Pressionada pelo Banco Central (BC) a explicar a "discrepância" em suas contas, a diretoria da Caixa recorreu à Advocacia-Geral da União (AGU) para mediar o conflito com o Tesouro. Uma câmara de conciliação foi criada para cuidar do problema, com participação da Caixa, do Tesouro e do BC. "Os trabalhos da câmara podem evoluir para um parecer técnico", informou ao Estado o chefe da AGU, Luiz Inácio Adams.

Se esse parecer for baseado exclusivamente nos termos do contrato entre o Tesouro e a Caixa, o problema permanecerá. Para uma solução, será preciso levar em conta as condições financeiras da prestação do serviço, mas ninguém avançou nesse tipo de detalhe. Por meio de sua assessoria, a Secretaria do Tesouro disse desconhecer qualquer proposta da Caixa para alteração do contrato.

A natureza do problema, no entanto, é bastante clara. Os termos do acordo entre as duas partes seriam muito menos importantes em outra circunstância. O Tesouro está em muito má situação e o governo está perdido no emaranhado de erros da política econômica. Para reforçar a receita fiscal, o governo tem pressionado a Caixa para entregar dividendos maiores que os combinados para este ano. A ideia inicial era entregar apenas metade do ganho disponível, mas o Ministério da Fazenda resolveu mudar o jogo. Agora se espera da Caixa uma contribuição de cerca de R$ 5 bilhões.
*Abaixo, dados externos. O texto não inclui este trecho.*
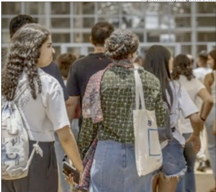
Exame foi concluído no domingo, com realização das últimas provas
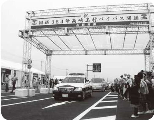
国道 354 号高崎玉村バイパス開通式 (6月12日)

A 町長 今後、地域振興を目標とする都市間競争は、ますます激しさを増すと考えている。そのためにも、玉村町らしさを内外にPRしていくことが重要と認識している。このためには、玉村町の地域資源の中から強みのあるものをセールスポイントとし、各種イベントを通じて内外に売り込んでいきたい。
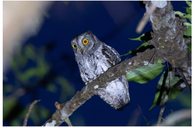
Figuur 20. Oriental Scops Owl bij Ho Tuyen Lam, Đà Lat (Toy Janssen)
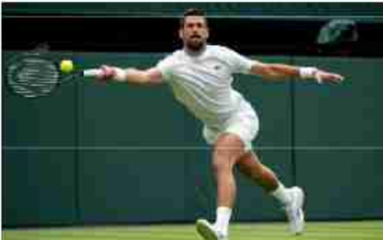
और दुनिया के छठे नंबर के टेनिस खिलाड़ी नोवाक जोकोविच ने सिनसिनाटी ओपन से नाम वापस ले लिया है। टूर्नामेंट के आयोजकों ने इसकी पुष्टि की है। दरअसल 38 वर्षीय सर्बियाई खिलाड़ी ने गैर-चिकित्सीय कारणों का हवाला देते हुए टूर्नामेंट में न खेलेने का फैसला

24 रैंड स्लैम खिताब विजेता किया है। इससे पहले उन्होंने जीत दर्ज की थी। वह मुकाबला तीन सेटों में खेला गया था। इस सीजन में नोवाक जोकोविच का प्रदर्शन 28 जीत और 9 हार का रहा है। उन्होंने मई 2025 में जिनेवा में अपना 100वां टूर-स्तरीय खिताब जीता था। उस जीत के बाद से वह केवल दो टूर्नामेंट खेले हैं प्रॉच ओपन और विंबडलन, जहां दोनों बार उन्हें जैविक सिनर के खिलाफ सेमीफाइनल में

Dividendos maiores que os do ano passado já reforçaram as contas do Tesouro no primeiro semestre e o jogo deve continuar. Além disso, o governo espera recolher uns R$ 18 bilhões de pagamentos do novo Refis, o refinanciamento de dívidas tributárias, e mais algum dinheiro de bônus de concessões.

Pressionada para aumentar os dividendos pagos ao Tesouro, a Caixa foi mobilizada também para o socorro às distribuidoras de energia. Determinada há mais de um ano pela presidente Dilma Rousseff, a diminuição das tarifas de eletricidade prejudicou as companhias do setor. Danosa mesmo em circunstâncias normais, essa política foi especialmente custosa porque as empresas tiveram de comprar eletricidade - mais cara - de centrais térmicas. A redução das contas de luz foi duplamente errada: distorceu os preços e estimulou o consumo em fase de restrição de oferta.

A Caixa deve participar com R$ 750 milhões do novo financiamento, de R$ 6,5 bilhões, articulado pelo governo. Um empréstimo de R$ 11,2 bilhões mobilizado em abril já se esgotou e o novo será mais caro. Populismo, voluntarismo e incompetência têm custos altos.